Hello i have to do this case with Excel and put the equations in Lingo (Lindo)

A company markets a product in three different presentations, small, medium and large. The utility of the large size is $ 55, that of the small size is $ 38 and that of the medium size $ 49 per unit. Since it is a very successful product, demands for 6505, 6685 and 6095 units of the small product are committed for the next three months. Also 5010, 5185 and 5405 units of the medium product and 4495, 4205 and 4745 units of the large product. After analyzing the production process it has been found that a machine is the bottleneck. The time availability of this machine every month is 240 hours. The manufacturing time in the bottleneck machine for the small product is 1.0 minute, that of the medium product is 1.1 minutes and that of the large product is 1.3 minutes per unit. In order to handle demand fluctuations, the company can store up to 400 products per month regardless of product size, although the monthly storage cost is $ 4, $ 6 and $ 8 per unit for small, medium and large products respectively. Initially there are 70 large, 30 medium and 100 small products. By management strategy at the end of the third month there must be 80 large, 40 medium and 70 small products. You can also request that the machine work overtime. However, the utility of the products drops to $ 54, $ 47 and $ 38 for large, medium and small products respectively. The extra time available for each month is 110 hours, 90 hours and 100 hours.

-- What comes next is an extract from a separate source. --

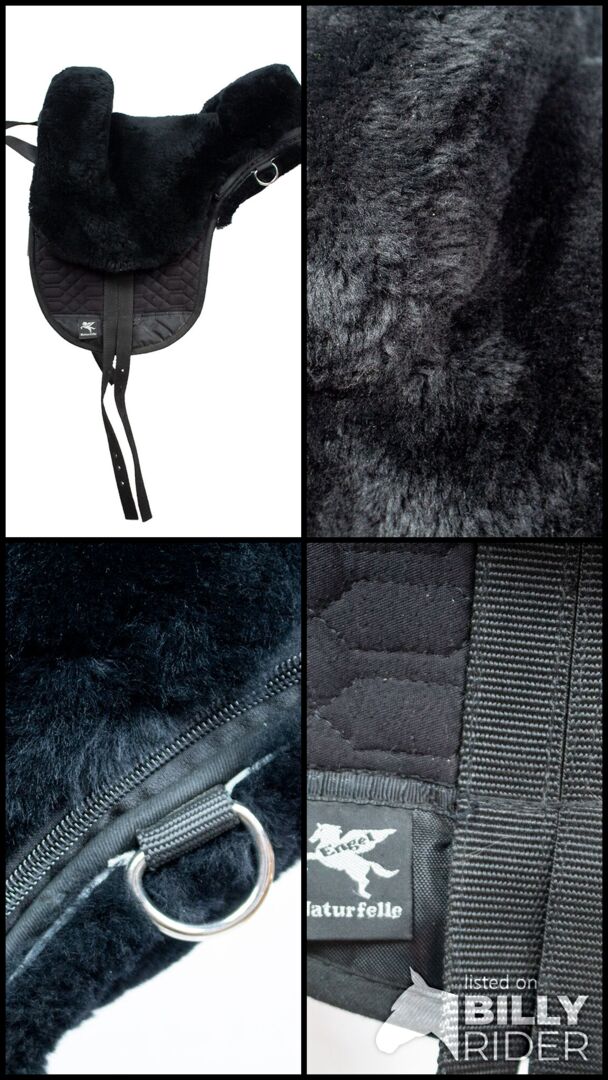 Ängelpälssadel med ponny av merino-lammskinn - Denna fantastiska sadel av hög kvalitet med merinolammskinn från Engel är i mycket gott skick. Den har bara varit på hästen några få gånger och är fortfarande som ny. Sadelns grundmaterial är quiltad bomull. Lammskinnet är fäst vid "basplattan" med två dragkedjor och kan därför tas bort. Detta gör det mycket lättare att rengöra. Den trädlösa sadeln med lammskinn i ryggen och sätet kan anpassas. Kuddarna i ryggen kan enkelt tas bort eller läggas till med kardborreband. De kan också bytas ut. Pälssadeln kan också fungera som en sadelmatta utan lammskinn. De stora sadelklaffarna och den höga sadelkanten ger optimalt stöd och komfort. Skinnsadeln kan också utrustas med sadelväskor eller stigbyglar. För detta ändamål har den D-ringar i vilka dessa kan fästas. Det går också att fästa hjälptyglar. Det finns också ringar för detta ändamål.

For each of the following questions consider that they are independent of each other and are based on the result you get for question a) You are asked as production manager to determine how many pieces of each type to make per month in normal time and overtime to maximize profits at the end of the three months. What would be your solution if the inventory space is now expanded to 500 pieces per month? Would you change your solution if you now only have 100 hours of overtime available in the first month? How much would you be willing to pay for an additional minute of extra time in each month? What would be the new solution if now the inventory costs are 12, 10 and 8 respectively for large, medium and small products. What would be your solution if for maintenance purposes the bottleneck machine is not available for 10 hours of normal time during the first month? A maintenance consulting company offers you a plan for the bottleneck machine in which you increase 60 hours per month of availability for the machine. If the cost of this plan is 90,000 per month, should you accept your proposal? What would be your response if inventory costs are now zero? Would it be feasible to meet the demand for the products if during the first month they are now 7000, 4800 and 4000 for small, medium and large sizes? What would be your solution if you now have 300 hours per month of production in normal time? What would be your solution if you now only have 220 hours of normal time in each month? Would it be feasible to achieve production?